What you need to do:
Please reproduce exactly the lines from the start of the records through the one containing "수놓은 ‘버블쇼’ |", and nothing more.

Entries provided:
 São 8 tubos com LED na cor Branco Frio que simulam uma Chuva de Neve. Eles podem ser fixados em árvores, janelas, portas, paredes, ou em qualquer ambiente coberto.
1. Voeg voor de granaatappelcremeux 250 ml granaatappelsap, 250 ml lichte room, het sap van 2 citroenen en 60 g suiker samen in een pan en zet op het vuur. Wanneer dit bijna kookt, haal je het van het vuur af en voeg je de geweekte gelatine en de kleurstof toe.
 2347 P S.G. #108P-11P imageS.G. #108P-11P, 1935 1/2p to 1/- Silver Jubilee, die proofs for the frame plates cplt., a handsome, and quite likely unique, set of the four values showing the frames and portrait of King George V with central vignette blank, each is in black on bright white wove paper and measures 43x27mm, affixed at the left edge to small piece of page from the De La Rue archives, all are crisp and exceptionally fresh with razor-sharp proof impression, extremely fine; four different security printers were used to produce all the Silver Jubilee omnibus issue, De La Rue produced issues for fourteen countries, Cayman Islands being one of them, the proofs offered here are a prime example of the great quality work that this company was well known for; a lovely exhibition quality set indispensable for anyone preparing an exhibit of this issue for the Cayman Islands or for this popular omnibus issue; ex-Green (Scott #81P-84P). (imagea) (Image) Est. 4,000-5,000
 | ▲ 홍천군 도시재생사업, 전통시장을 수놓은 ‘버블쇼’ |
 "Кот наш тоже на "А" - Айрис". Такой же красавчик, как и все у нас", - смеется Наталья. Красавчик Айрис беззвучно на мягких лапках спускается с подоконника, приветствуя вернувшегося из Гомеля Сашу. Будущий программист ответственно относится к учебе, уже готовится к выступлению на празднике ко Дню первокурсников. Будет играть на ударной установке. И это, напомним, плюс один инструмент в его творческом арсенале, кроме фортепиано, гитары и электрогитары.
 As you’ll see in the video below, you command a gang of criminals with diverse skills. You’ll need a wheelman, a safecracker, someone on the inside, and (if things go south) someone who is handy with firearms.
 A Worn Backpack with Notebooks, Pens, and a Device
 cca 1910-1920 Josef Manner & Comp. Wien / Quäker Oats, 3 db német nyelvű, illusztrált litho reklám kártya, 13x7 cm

Solution for this problem:
 São 8 tubos com LED na cor Branco Frio que simulam uma Chuva de Neve. Eles podem ser fixados em árvores, janelas, portas, paredes, ou em qualquer ambiente coberto.
1. Voeg voor de granaatappelcremeux 250 ml granaatappelsap, 250 ml lichte room, het sap van 2 citroenen en 60 g suiker samen in een pan en zet op het vuur. Wanneer dit bijna kookt, haal je het van het vuur af en voeg je de geweekte gelatine en de kleurstof toe.
 2347 P S.G. #108P-11P imageS.G. #108P-11P, 1935 1/2p to 1/- Silver Jubilee, die proofs for the frame plates cplt., a handsome, and quite likely unique, set of the four values showing the frames and portrait of King George V with central vignette blank, each is in black on bright white wove paper and measures 43x27mm, affixed at the left edge to small piece of page from the De La Rue archives, all are crisp and exceptionally fresh with razor-sharp proof impression, extremely fine; four different security printers were used to produce all the Silver Jubilee omnibus issue, De La Rue produced issues for fourteen countries, Cayman Islands being one of them, the proofs offered here are a prime example of the great quality work that this company was well known for; a lovely exhibition quality set indispensable for anyone preparing an exhibit of this issue for the Cayman Islands or for this popular omnibus issue; ex-Green (Scott #81P-84P). (imagea) (Image) Est. 4,000-5,000
 | ▲ 홍천군 도시재생사업, 전통시장을 수놓은 ‘버블쇼’ |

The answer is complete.